Families say group tied to Trump campaign ‘exploited’ their children’s deaths

The Remembrance Project raised tens of thousands of dollars. But families of people killed by undocumented immigrants say they never saw a dime.

Republican presidential candidate Donald Trump speaks during a event with The Remembrance Project, Saturday, Sept. 17, 2016, in Houston. (Evan Vucci/AP)
Republican presidential candidate Donald Trump speaks during a event with The Remembrance Project, Saturday, Sept. 17, 2016, in Houston. (Evan Vucci/AP)

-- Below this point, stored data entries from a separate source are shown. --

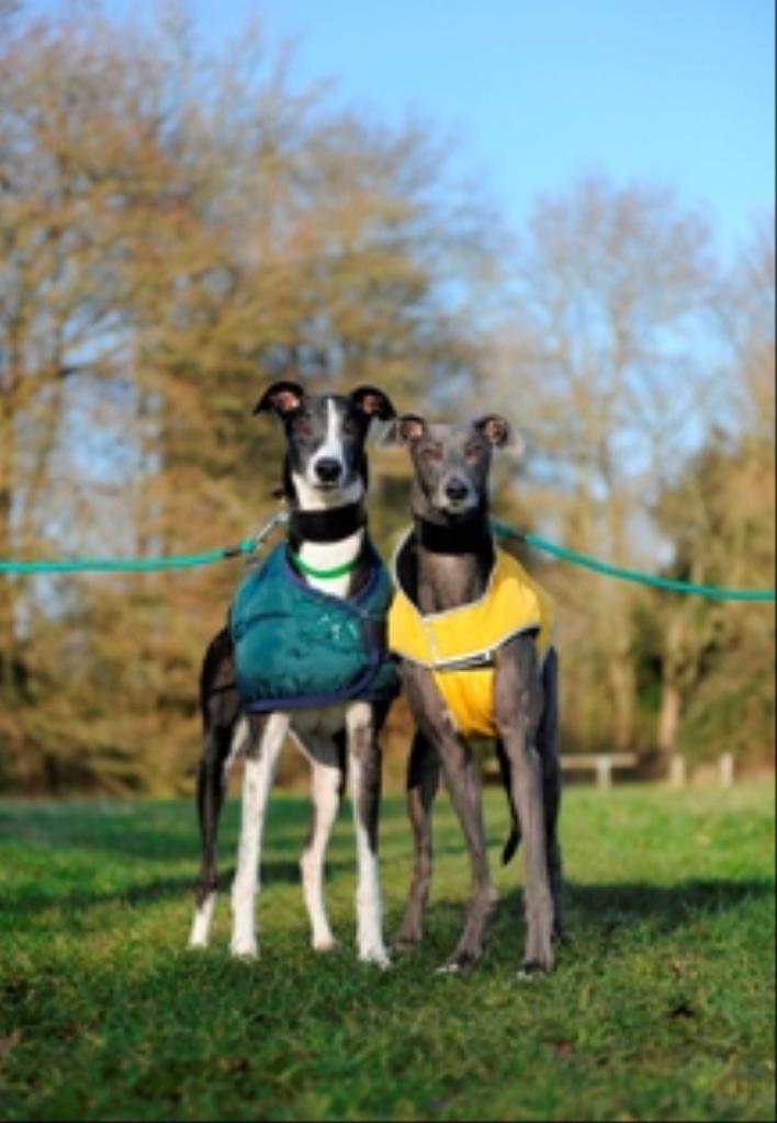 Dale and Chloe enjoy a walk. They met at Battersea and are looking for a home together.
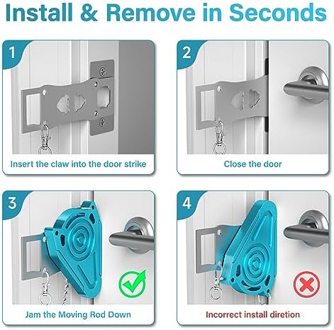 Compact and Portable – The portable lock for the door is a size 5.1 x 1.54 x 0.32 inches. It’s small enough to carry in a pocket or handbag when you are on a business trip or vacation. Using this travel door lock in a hotel or motel can guarantee your safety and privacy, especially at night, you can sleep with peace of mind. Travel door locks for hotel rooms are an ideal door security device when you’re on a business trip or traveling.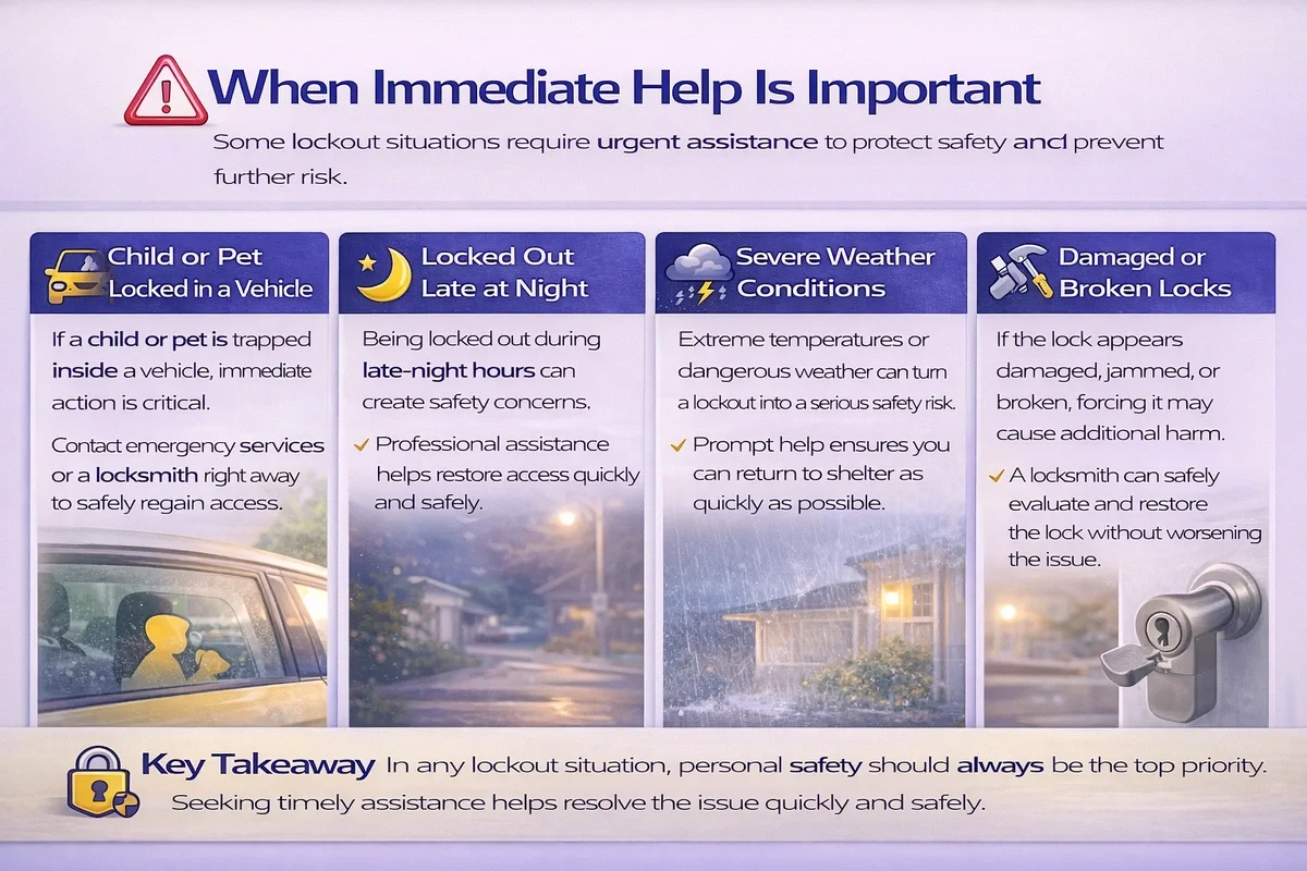If you’re locked out of your home, car, or office, the most important step is to stay calm and assess safe options for regaining access. Many lockouts can be resolved quickly by checking for spare keys, contacting someone with authorized access, or calling a professional locksmith for assistance.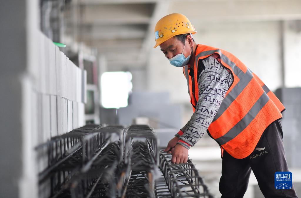 10月1日,中建三局西北公司工人在陜西省西安市紅會(huì )醫院高鐵新城院區建設項目工地施工。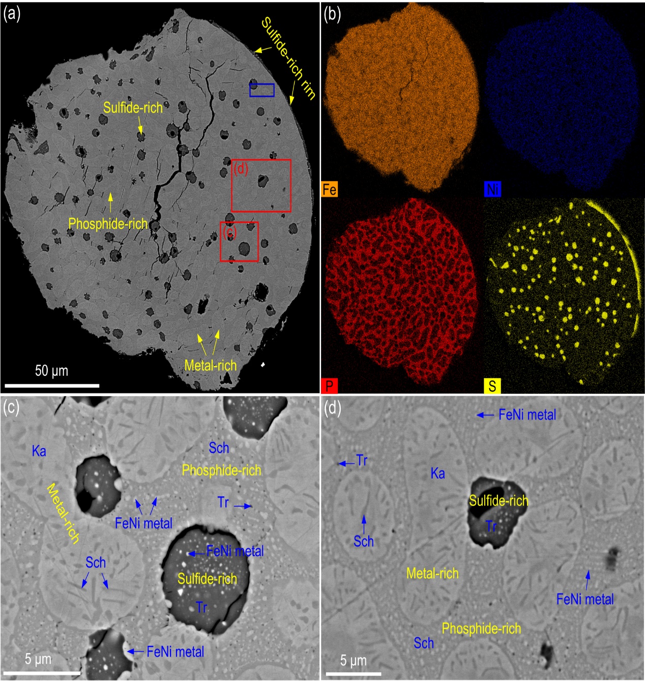 研究团队在嫦娥五号月壤中发现了一颗具有独特不混溶结构的铁镍金属熔珠,该金属熔珠富含P和S,其内部由大量富金属(Fe-Ni)球粒、富硫化物球粒及富磷化物基质三部分构成(图1)。富金属球粒呈(扁)球型/哑铃型,表现出聚集融合的特征;富磷化物基质则以网状基质的形式充填于富金属球粒之间;富硫化物球粒主要呈球形,散布于富磷化物基质中。该结构与Fe-P-S三元体系的高温高压熔融淬火产物非常相似。
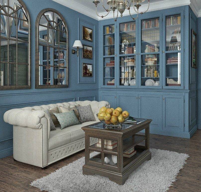 - если это была комната, расположенная в южной части помещения, то предпочтение отдавали зеленым и лазурным оттенкам.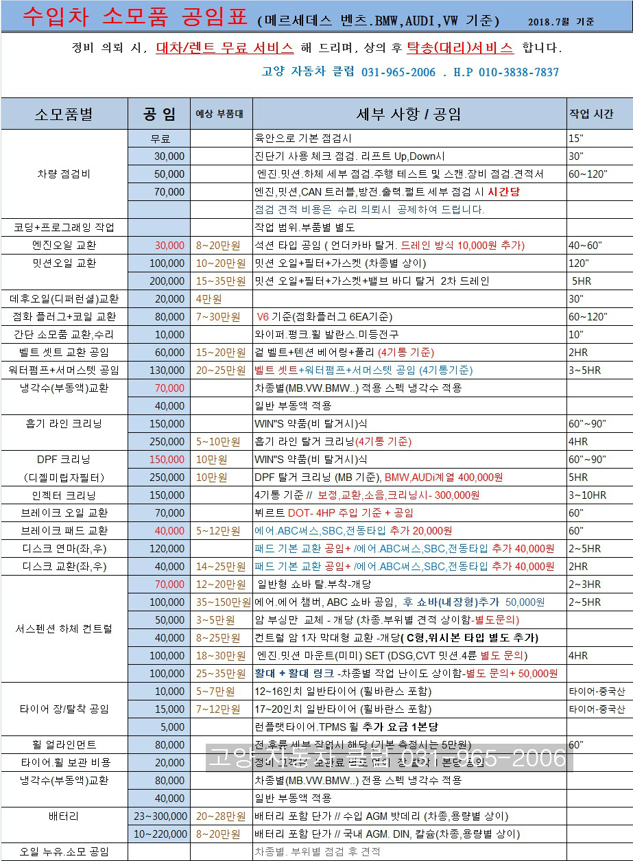 참고용 정비 공임표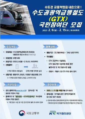 참여단은 수도권광역급행철도(GTX) 수서~동탄 구간의 개통을 1년여앞두고 최근 고조되고 있는 국민의 기대와 관심에 부응하기 위해 마련한 국민과의 특별 소통창구이다. 참여단은 ① 일반인 그룹(20명), ② 전문가 그룹(7명), ③ 철도 동호회 그룹(3명)으로 구분하여 총 30명 내외를 선발할 계획이며, 일반인 그룹은 수도권광역급행철도(GTX)에 관심 있는 일반국민(만19세 이상)을 대상으로 공개모집을 통해 서류심사와 면접심사를 거쳐 선발하며철도 동호회 그룹과 전문가 그룹은 추천 방식을 통해 별도 선발한다.

“Nothing has moved me more deeply than the time I’ve spent with the families of the Remembrance Project,” then-candidate Donald Trump said last year at a high-priced fundraiser for the group, which claims to help families of people killed by undocumented immigrants.

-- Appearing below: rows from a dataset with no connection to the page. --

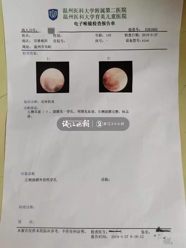 當晚,氣憤至極的朱女士開車帶女兒去醫院,醫生鑒定小玉為左側鼓膜外傷性穿孔,耳朵里還有血跡。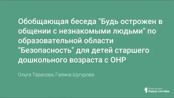Обобщающая беседа "Будь острожен в общении с незнакомыми людьми" по образовательной области "Безопасность" для детей старшего дошкольного возраста с ОНР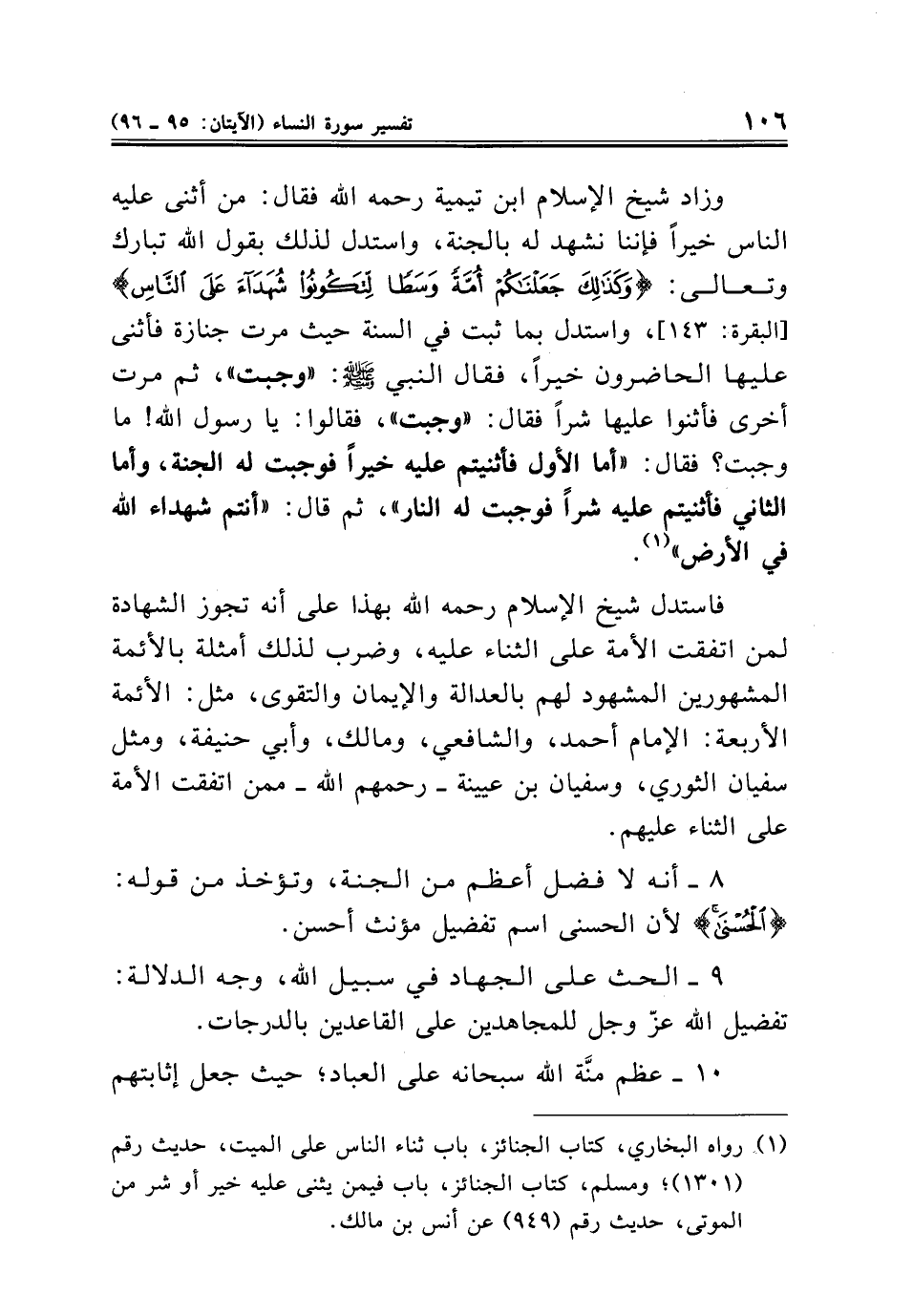 وزاد شيخ الإسلام ابن تيمية رحمه الله فقال: من أثنى عليه الناس خيرًا فإننا نشهد له بالجنة، واستدل لذلك بقول الله تبارك وتعالى: {وَكَذَلِكَ جَعَلْنَاكُمْ أُمَّةً وَسَطًا لِتَكُونُوا شُهَدَاءَ عَلَى النَّاسِ} [البقرة: ١٤٣]، واستدل بما ثبت في السنة حيث مرت جنازة فأثنى عليها الحاضرون خيرًا، فقال النبي - صلى الله عليه وسلم -: "وجبت"، ثم مرت أخرى فأثنوا عليها شرًا فقال: "وجبت"، فقالوا: يا رسول الله! ما وجبت؟ فقال: "أما الأول فأثنيتم عليه خيرًا فوجبت له الجنة، وأما الثاني فأثنيتم عليه شرًا فوجبت له النار"، ثم قال: "أنتم شهداء الله في الأرض" (¬١).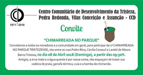 No dia 8 de abril (domingo), a partir das 9h30, a população está convidada a participar da 1ª Chimarreada no Parque Tristezense, no bairro Tristeza, na Zona Sul de Porto Alegre. É necessário levar apenas a garrafa térmica e a cuia e a bomba de chimarrão, pois a erva-mate e a água quente são oferecidas […]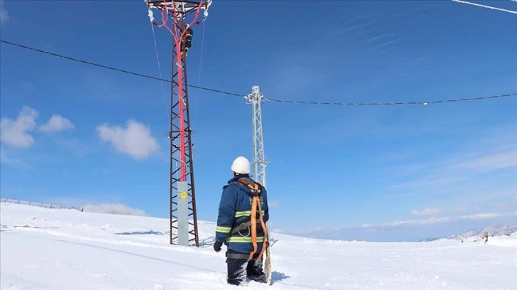 Fırtına nedeniyle elektrik direklerinde oluşan buzlanmaları temizleyerek arızaları gideren enerji timleri, özverili çalışmaları sonucunda bölgede enerji akışını sağlıyor.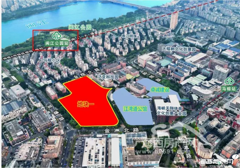 除此之外,官方公布的金塘路与金榕北路交叉口南侧地块航拍图,同样标注规划的地铁6号线西延线“闽江公园站”。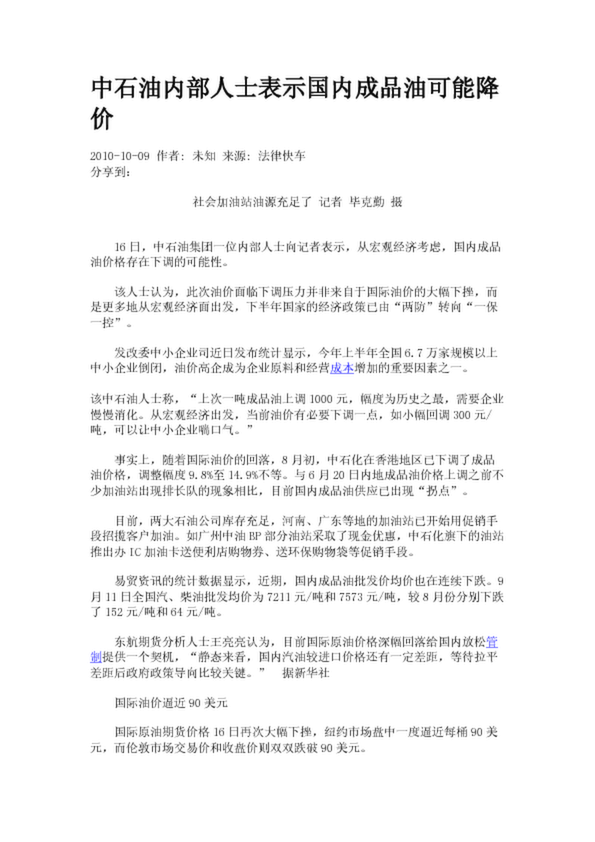 中石油內部人士表示國內成品油可能降價(7.23KB)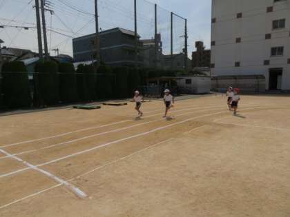 子どもたちは、ラインを越えることなく自分のコースを守ってしっかりと最後まで走り切っていました。

Now, many of those families say the group raised money using their names and stories while they never saw a dime, according to a report by Politico.

“Trump used the Remembrance Project to get to us, and the Remembrance Project also used him,” former Remembrance Project participant Brenda Sparks told Politico.

Sparks’ son died when his motorcycle was in a crash with a car driven by an undocumented immigrant, Politico reported. She spoke at Trump rallies last year alongside several other families involved in the Remembrance Project.


Trump joined forces with the Remembrance Project just three week after he announced his candidacy by calling undocumented immigrants from Mexico “rapists” in June 2015, according to Politico.

“It’s a very sad occasion,” Trump told reporters as he stood flanked by Remembrance Project families at a press conference after the meeting. “I just spent quite a bit of time with these incredible families going over the loss of their children.”

Several families involved with the Remembrance Project went on to speak at Trump rallies, in campaign ads, and at the Republican National Convention.

Families and donors interviewed by Politico said Maria Espinoza, who founded the Remembrance project with her husband Tim Lyng in Texas in 2010, lead them to believe donations to the group would help families cover their medical and legal expenses.


Instead, they told Politico, Espinoza used the groups to further her own political career. Espinoza unsuccessfully ran against Rep. John Culberson of Texas in the Republican primary last year, Politico said . She ran with support from White House Chief Strategist Steve Bannon and Breitbart News, the online publication Bannon headed at the time. She is reportedly considering another run in 2018.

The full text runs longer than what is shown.